++++ Provided entries
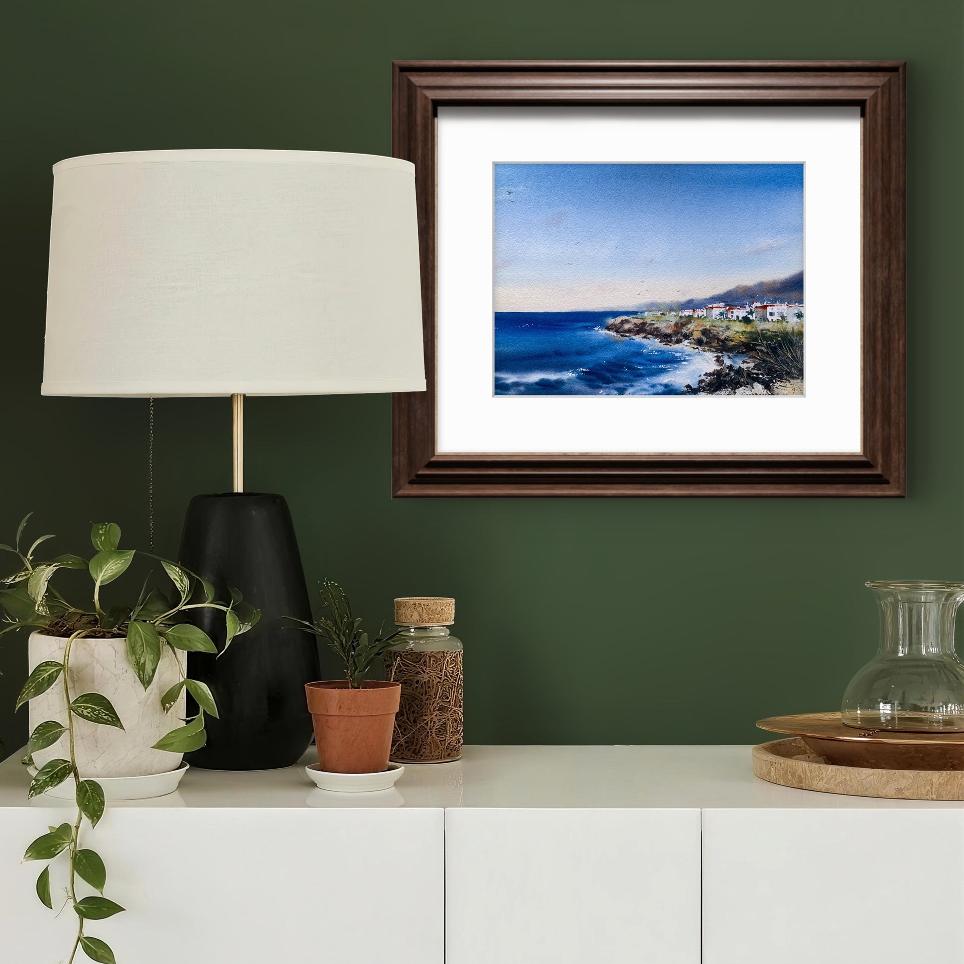 A hand-painted watercolor artwork inspired by the Cyprus coastline. Rich blue tones of the sea contrast beautifully with rugged cliffs and traditional coastal architecture, capturing the authentic Mediterranean landscape. Expressive brushstrokes and subtle details convey movement, light, and tranquility. Ideal wall art for coastal interiors, nautical decor, or as a meaningful gift for ocean lovers and travel enthusiasts. This painting brings the relaxed spirit of Cyprus into your living space.
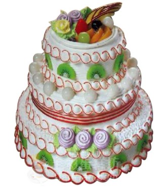 • 三層圓形蛋糕,由奶油,水果,鮮各色玫瑰等材料組成,絕對新鮮.美味可口.
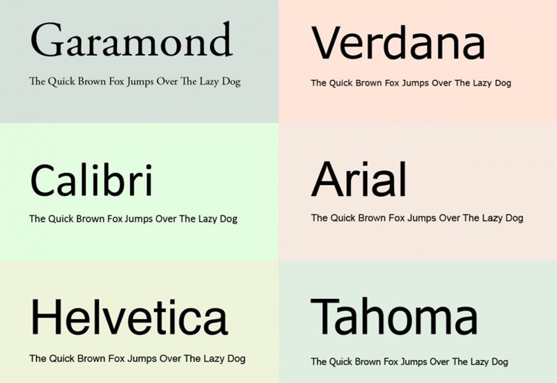 • Verdana: Font dễ đọc trên màn hình, với khoảng cách ký tự rộng, phù hợp cho các ứng dụng web và tài liệu hiển thị trên thiết bị điện tử.
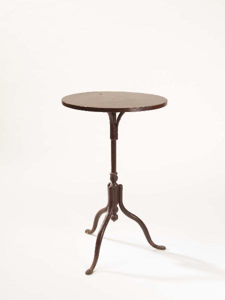 Coppia di tavolini in ferro battuto verniciato in color marrone, con piano d'appoggio tondo, basamento a forma di tripode.
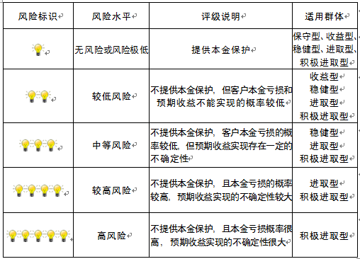 本产品为非保本浮动收益型理财产品,不保证本金和收益,请您充分认识投资风险,谨慎投资。本期产品期限为280天(中国建设银行有权对产品进行展期或提前终止),存续期内,产品不接受申购或赎回申请。本期产品内部风险评级级别为盏警示灯 ,风险水平属于中等风险。最不利情况下,您将损失全部收益甚至包括全部本金。本理财产品适用于稳健型、进取型 积极进取型客户。
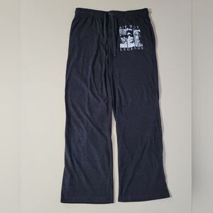 These pants are made from a comfortable cotton and polyester blend to help you stay comfy and cozy as you sleep through the night or lounge at home. Use the drawstring on the front to tighten or loosen the elastic waistband for a better fit. Graphics of Hip Hop Legends Notorious BIG, Easy E, and Tupac Shakur are on the left front. Give yourself the gift of a good night’s sleep with the snug and comfy feel of these sleep pants. They also have pockets! These awesome loungers are in excellent condition.
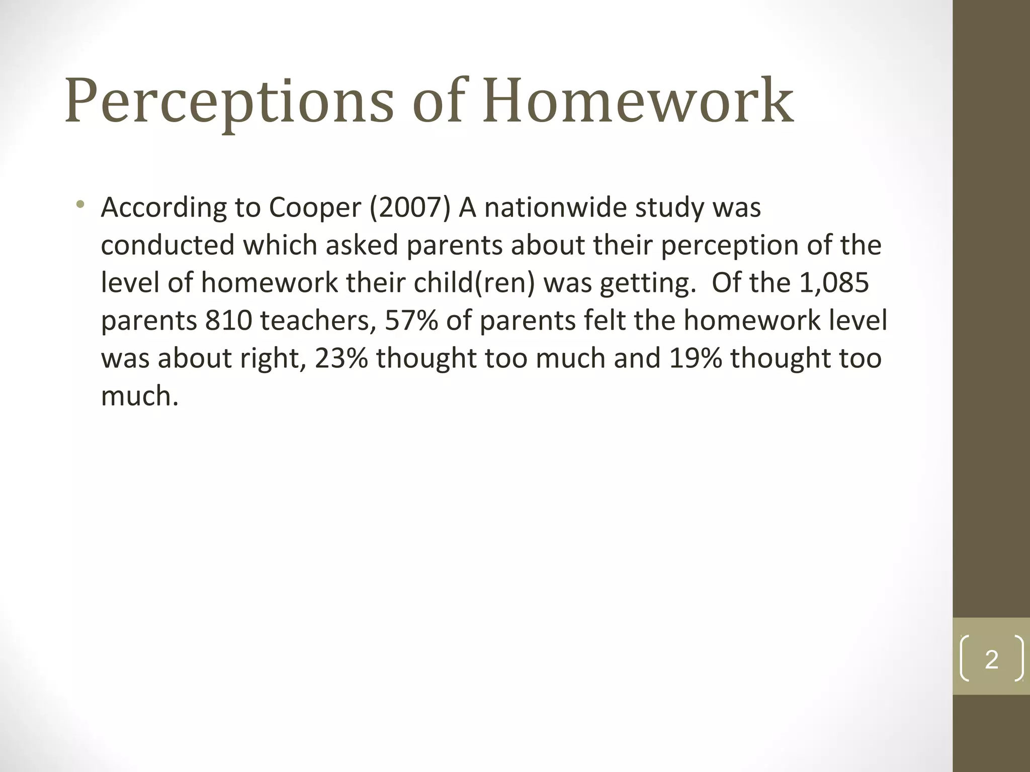 - A survey found that most parents and teachers felt the amount of homework was appropriate, though some felt there was too much or too little.
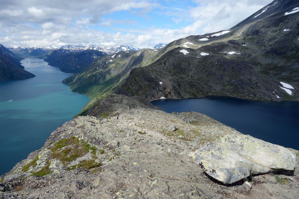 L’objectif principal de ce parcours réside dans la vue extraordinaire sur les lacs Bessvatnet et Gjende, au sommet de cette crête. Respectivement d’un bleu profond et turquoise, une différence d’altitude d’environ 500 mètres sépare ces deux lacs. Attention toutefois, cette randonnée s’adresse à des marcheurs expérimentés (6 à 8 heures de marche, dénivelé de plus de 1000 mètres). D’autant plus que la crête est exposée au vent et est escarpée.
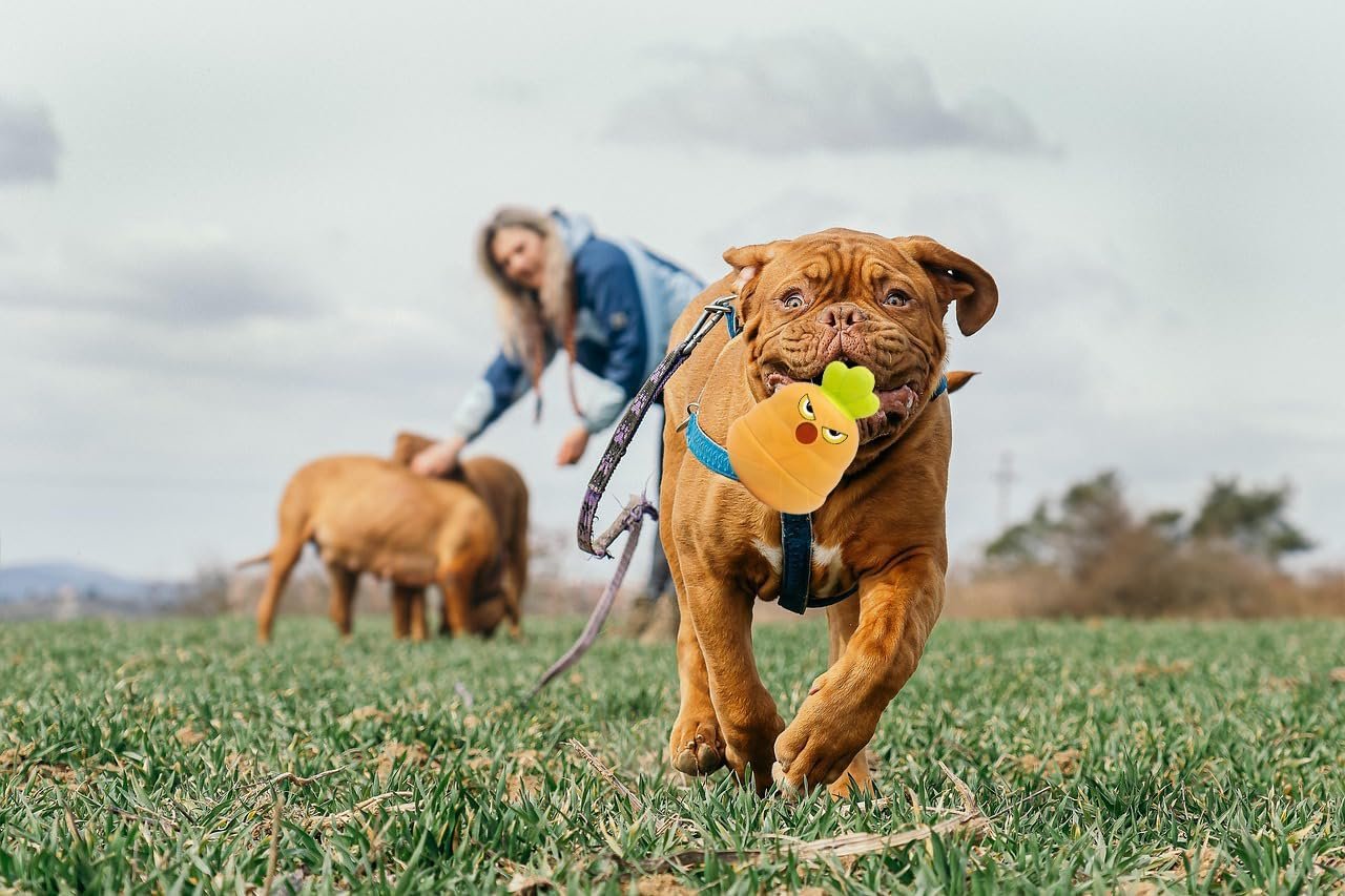 Dog squeaky chew toys for dogs who like to chew, rubber carrot tumbler dog toys for training and cleaning, durable interactive tough dog toys for medium and large dogs
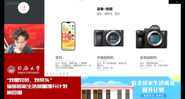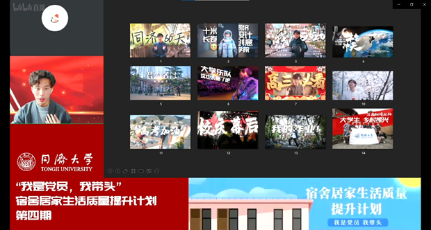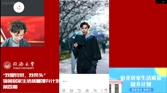 3月25日下午3点,“我是党员 我带头”宿舍居家生活质量提升计划最后一期直播顺利开展。本次直播我们邀请到了同济大学新媒体官方运营成员,曾受邀在优秀大学生事迹宣讲中展示的林慈丰同学为我们分享他对新媒体行业的感悟。
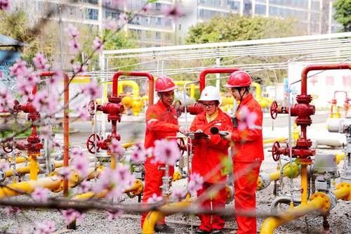3月16日,初春的重庆春意盎然。西南油气田公司重庆气矿江北采输气作业区采气工崔剑与管理人员,手持平板通过数据分析生产状况,确保供气安全稳定。
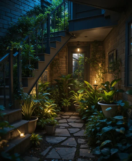 I install warm LED lights to highlight the plants. It creates a cozy glow, especially at night. This makes the under stairs garden feel like a secret retreat.
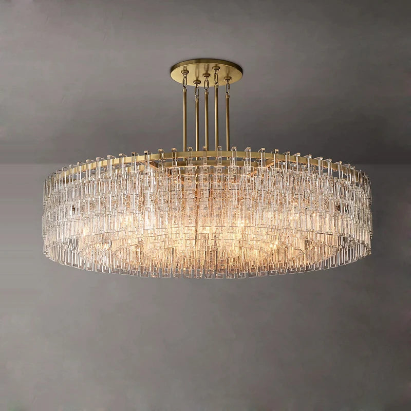 Akolia Aquitaine Round Linear American Classic Crystal Gold/Chrome Chandelier
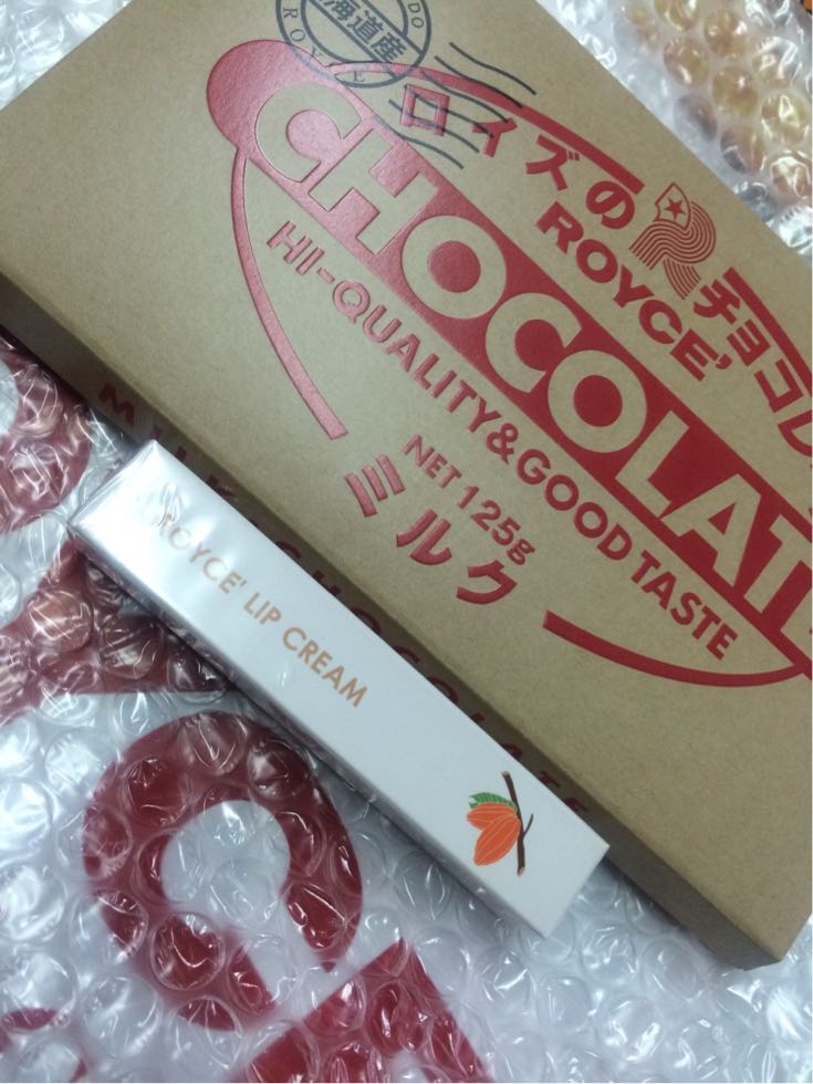 送料がかかるので数人で注文したロイズのチョコとリップ。
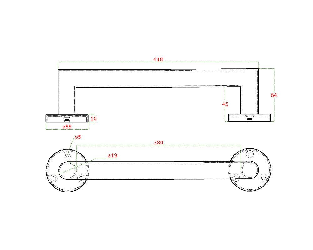 EB1-KMA43 - nerezové madlo, délka 418 mm, výška 64 mm, ø 19mm, materiál broušená nerez K320 /AISI304...Ukaž celý popis >
++++++++
**Task details**
Each entry is to be returned precisely as it appears, but the pictures are to be dropped.

**Finished task**
 A hand-painted watercolor artwork inspired by the Cyprus coastline. Rich blue tones of the sea contrast beautifully with rugged cliffs and traditional coastal architecture, capturing the authentic Mediterranean landscape. Expressive brushstrokes and subtle details convey movement, light, and tranquility. Ideal wall art for coastal interiors, nautical decor, or as a meaningful gift for ocean lovers and travel enthusiasts. This painting brings the relaxed spirit of Cyprus into your living space.
 • 三層圓形蛋糕,由奶油,水果,鮮各色玫瑰等材料組成,絕對新鮮.美味可口.
 • Verdana: Font dễ đọc trên màn hình, với khoảng cách ký tự rộng, phù hợp cho các ứng dụng web và tài liệu hiển thị trên thiết bị điện tử.
 Coppia di tavolini in ferro battuto verniciato in color marrone, con piano d'appoggio tondo, basamento a forma di tripode.
 本产品为非保本浮动收益型理财产品,不保证本金和收益,请您充分认识投资风险,谨慎投资。本期产品期限为280天(中国建设银行有权对产品进行展期或提前终止),存续期内,产品不接受申购或赎回申请。本期产品内部风险评级级别为盏警示灯 ,风险水平属于中等风险。最不利情况下,您将损失全部收益甚至包括全部本金。本理财产品适用于稳健型、进取型 积极进取型客户。
 These pants are made from a comfortable cotton and polyester blend to help you stay comfy and cozy as you sleep through the night or lounge at home. Use the drawstring on the front to tighten or loosen the elastic waistband for a better fit. Graphics of Hip Hop Legends Notorious BIG, Easy E, and Tupac Shakur are on the left front. Give yourself the gift of a good night’s sleep with the snug and comfy feel of these sleep pants. They also have pockets! These awesome loungers are in excellent condition.
 - A survey found that most parents and teachers felt the amount of homework was appropriate, though some felt there was too much or too little.
 L’objectif principal de ce parcours réside dans la vue extraordinaire sur les lacs Bessvatnet et Gjende, au sommet de cette crête. Respectivement d’un bleu profond et turquoise, une différence d’altitude d’environ 500 mètres sépare ces deux lacs. Attention toutefois, cette randonnée s’adresse à des marcheurs expérimentés (6 à 8 heures de marche, dénivelé de plus de 1000 mètres). D’autant plus que la crête est exposée au vent et est escarpée.
 Dog squeaky chew toys for dogs who like to chew, rubber carrot tumbler dog toys for training and cleaning, durable interactive tough dog toys for medium and large dogs
 3月25日下午3点,“我是党员 我带头”宿舍居家生活质量提升计划最后一期直播顺利开展。本次直播我们邀请到了同济大学新媒体官方运营成员,曾受邀在优秀大学生事迹宣讲中展示的林慈丰同学为我们分享他对新媒体行业的感悟。
3月16日,初春的重庆春意盎然。西南油气田公司重庆气矿江北采输气作业区采气工崔剑与管理人员,手持平板通过数据分析生产状况,确保供气安全稳定。
 I install warm LED lights to highlight the plants. It creates a cozy glow, especially at night. This makes the under stairs garden feel like a secret retreat.
 Akolia Aquitaine Round Linear American Classic Crystal Gold/Chrome Chandelier
 送料がかかるので数人で注文したロイズのチョコとリップ。
 EB1-KMA43 - nerezové madlo, délka 418 mm, výška 64 mm, ø 19mm, materiál broušená nerez K320 /AISI304...Ukaž celý popis >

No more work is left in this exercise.